Membrane-Free Hydrogen Generation from Water

Avigail Landman, The Nancy & Stephen Grand Technion Energy Program (GTEP), Technion – Israel Institute of Technology,
H. Dotan, Department of Materials Science and Engineering, Technion – Israel Institute of Technology, Haifa, Israel
A. Rothschild, Department of Materials Science and Engineering, Technion – Israel Institute of Technology, Haifa, Israel
G. Shter, Department of Chemical Engineering, Technion – Israel Institute of Technology, Haifa, Israel
G.S. Grader, Department of Chemical Engineering, Technion – Israel Institute of Technology, Haifa, Israel

Power-to-Gas (P2G) technologies that convert renewable energies such as solar and wind to chemical fuels have been the focus of many scientific endeavors over the past decades. Specifically, hydrogen production by water electrolysis (2H2O → 2H2 + O2) is a promising P2G technology. Photoelectrochemical (PEC) water splitting is a promising path to solar hydrogen production. However, separation of the H2 and O2 gas products as well as hydrogen collection and transport in large solar fields becomes an overwhelming technical challenge. State of the art water splitting technologies make use single cell units, separated into anode and cathode compartments by membranes. This implies that millions of PEC cell units in the solar field would have to be hermetically sealed and fitted with membranes, gas tubes and tube adaptors in order to separate and collect the hydrogen gas, resulting in a very complicated and expensive construction. The hydrogen would then have to be transported to the end user, either by pipelines or by high-pressure/liquid-H2 vessels. These obstacles, in addition to efficiency and stability challenges, render PEC hydrogen production economically questionable.
In this work, which was published recently in Nature Materials [1], we aim to solve these problems by totally separating the H2-generation electrochemical cell from the O2-generation PEC solar cell. This is achieved by introducing an additional set of electrodes, called the auxiliary electrodes. These are Ni(OH)2/NiOOH electrodes, commonly used in rechargeable alkaline batteries, which can be cycled many times with minimal energy loss. By placing a "charged" (NiOOH) auxiliary electrode in the oxygen cell, and electrically connecting it to a "discharged" (Ni(OH)2) auxiliary electrode in the hydrogen cell, electrolysis can be performed in two separate cells. During electrolysis, one auxiliary electrode charges while the other discharges. Thereafter, the process can be repeated by cycling the auxiliary electrodes between the charged/discharged states. Using suitable photoanodes, the PEC cell can generate O2, which can then be discharged to the atmosphere, alleviating the need for sealing and piping. Since the separate cells are connected to each other by metal wires only, the H2 can be generated at any location, for example, directly at a Hydrogen Refueling Station (HRS).

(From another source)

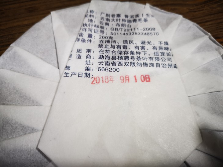 4月份原料,于9月份压饼,散茶存放了几个月,已经达到了良好的“发汗”效果,同时压制后等待了3个月的退蒸汽过程,如今茶饼已经很适合饮用了。当然,若加以存放几年,有了转化,那汤感的柔顺度将会有更好的呈现。对于喜欢普洱茶的人来说,岁月的沉淀,是一个值得等待的过程……

Figure 1: Our membrane-free configuration for alkaline water electrolysis in separate hydrogen and oxygen cells.

References:
1. Landman, A., Dotan, H., Shter, G. E., Wullenkord, M., Houaijia, A., Maljusch, A., Grader, G., and Rothschild, A. Photoelectrochemical water splitting in separate oxygen and hydrogen cells, Nature Materials, doi:10.1038/nmat4876 (2017).